Ontem, na nossa jornada matinal, reparámos que chovia no mar, a sul, mas que, no sítio onde estávamos, fazia sol. Olhando à sua volta, chamou-me, então, a atenção para o facto de do mesmo sítio conseguirmos ver nevoeiro no alto das serras a norte, nuvens carregadas e ameaçadoras a leste, céu azul, quase sem nuvens a oeste. Um pouco mais à frente apanhámos uns chuviscos fracos, mas suficientes para criar um enorme arco-íris que abarcava todo o Funchal nas nossas costas.
A partir daqui, controlou quase toda a conversa. Explicou-me que era muito interessante que apenas naquele caminho e em tão pouco tempo fosse possível ter vários estados do tempo, mas que já tinha reparado nisso mais vezes. Disse-me que, às vezes, vai mais calado no nosso caminho porque está a ver e a ouvir o caminho.
Fiquei a saber que quando se está com atenção, se ouve o ladrar dos cães e o cantar dos galos, que há uma oficina onde às vezes há barulho e faíscas, que há sítios onde às vezes se sente o cheiro flores, e que "naquela descida depois da via rápida" às alturas em que cheira a doces, que às vezes gosta de sentir a chuva na cara (se não for muita), tal como já me tinha dito que gosta de brincar na lama.
Há tempos disse-nos que não gostou de saber que tinham deitado casas abaixo para construir o novo hospital ("e as pessoas, para onde vão agora?") e que, desde que lha apontei, a bananeira que nasceu num montinho de terra remexida já tem mais do dobro do tamanho.
Dei por mim a pensar que, se calhar, não são os aparelhos eletrónicos e ecrãs que isolam as nossas crianças do mundo, se não seremos nós que não estamos assim tão atentos, que queremos fechá-las em redomas assépticas e, mesmo sem querer, as vamos isolando. Por falta de estímulo, tolhemos-lhes os sentidos necessários para conhecer e apreciar a vida cheia de pequenas coisas que fomos deixando de ouvir, cheirar, sentir…
Felizmente, soube ontem durante aquela curta conversa, ainda não conseguimos, escapou-se-nos entre os dedos e ainda consegue ver, ouvir, cheirar, tocar e saborear o vento e a chuva.
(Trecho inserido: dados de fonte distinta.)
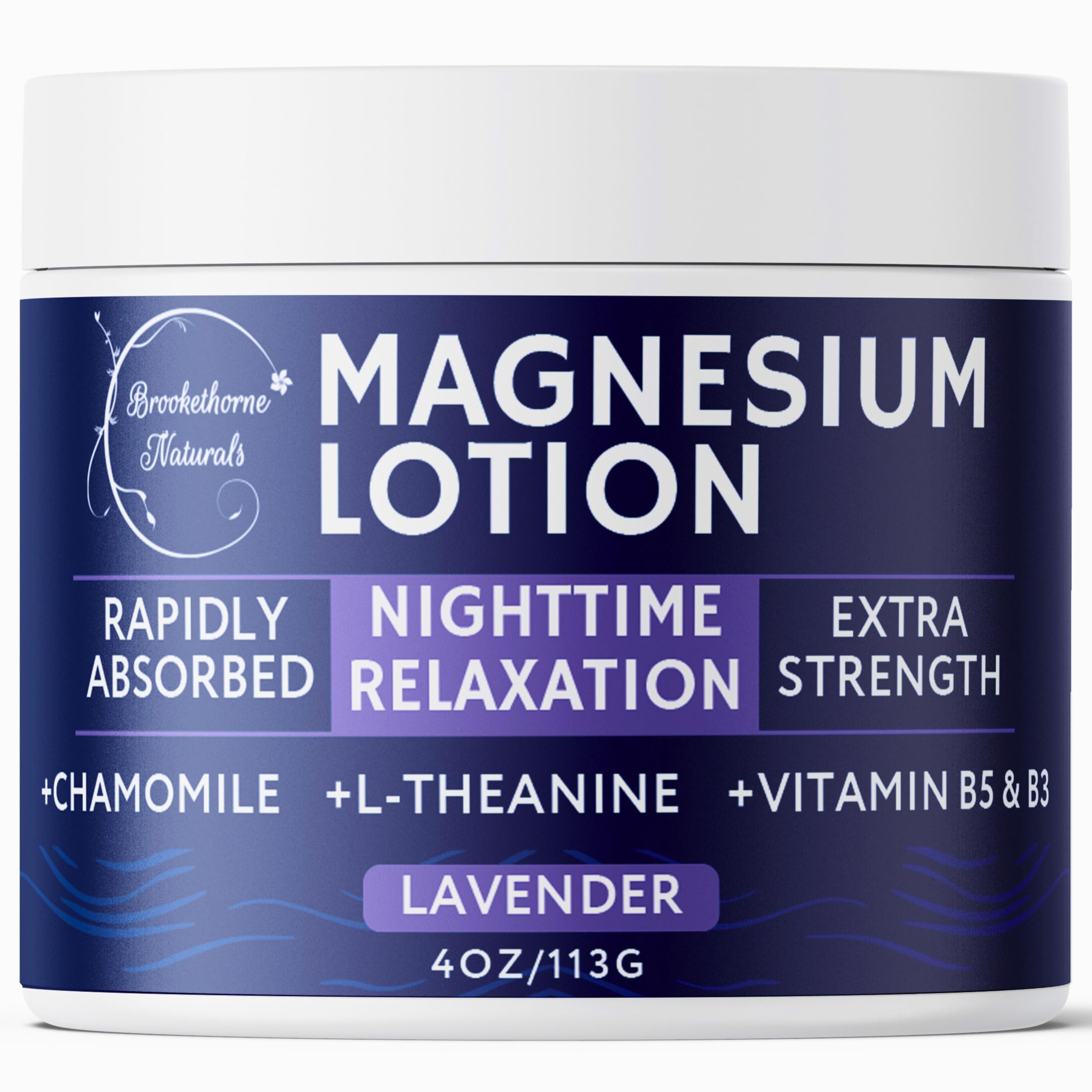 Brookethorne Naturals Nighttime Magnesium Lotion for Sleep | Lavender Magnesium Cream with L-Theanine & Chamomile | Topical Cream for Relaxation Adults & Kids | Non-Greasy, Vegan, Made in USA | 4oz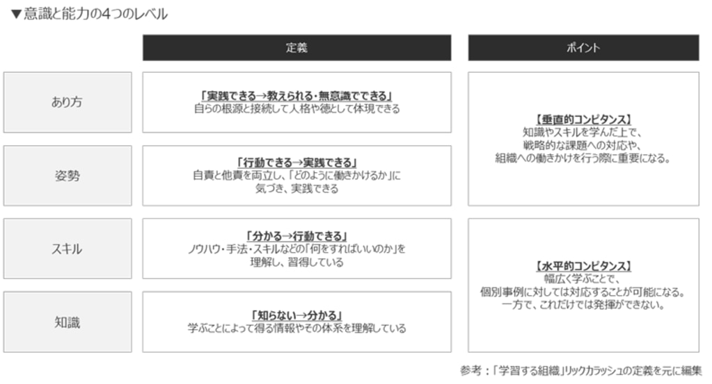 また、「姿勢」の習得においては、各現場や組織の構成員によって判断結果は異なるため、360度サーベイや組織サーベイを用いて、繰り返し効果検証と課題設定を行うことが重要です。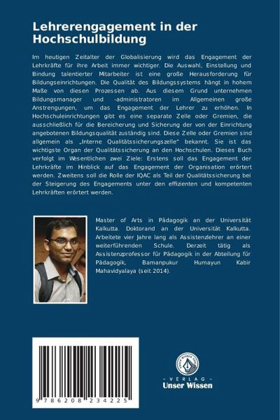 Im heutigen Zeitalter der Globalisierung wird das Engagement der Lehrkräfte für ihre Arbeit immer wichtiger. Die Auswahl, Einstellung und Bindung talentierter Mitarbeiter ist eine große Herausforderung für Bildungseinrichtungen. Die Qualität des Bildungssystems hängt in hohem Maße von diesen Prozessen ab. Aus diesem Grund unternehmen Bildungsmanager und -administratoren im Allgemeinen große Anstrengungen, um das Engagement der Lehrer zu erhöhen. In Hochschuleinrichtungen gibt es eine separate Zelle oder Gremien, die ausschließlich für die Bereicherung und Sicherung der von der Einrichtung angebotenen Bildungsqualität zuständig sind. Diese Zelle oder Gremien sind allgemein als "Interne Qualitätssicherungszelle" bekannt. Sie ist das wichtigste Organ der Qualitätssicherung an den Hochschulen. Dieses Buch verfolgt im Wesentlichen zwei Ziele: Erstens soll das Engagement der Lehrkräfte im Hinblick auf das Engagement der Organisation erörtert werden. Zweitens soll die Rolle der IQAC alsTeil der Qualitätssicherung bei der Steigerung des Engagements unter den effizienten und kompetenten Lehrkräften erörtert werden.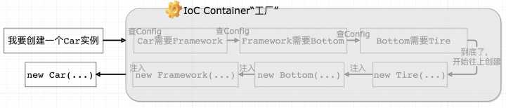 而IoC Container在进行这个工作的时候是反过来的,它先从最上层开始往下找依赖关系,到达最底层之后再往上一步一步new(有点像深度优先遍历):

Nos dias que correm nem sempre é fácil conversarmos com as nossas crianças e deixarmos que nos maravilhem com o seu mundo. Mas quando conseguimos, podemos aprender tanto sobre nós como sobre elas.
Por isso vou continuar a tentar aproveitar o tempo que passamos no caminho entre casa e a escola para pôr a conversa em dia, esperando que estude até muito tarde, para que me ensine muito do que já desaprendi.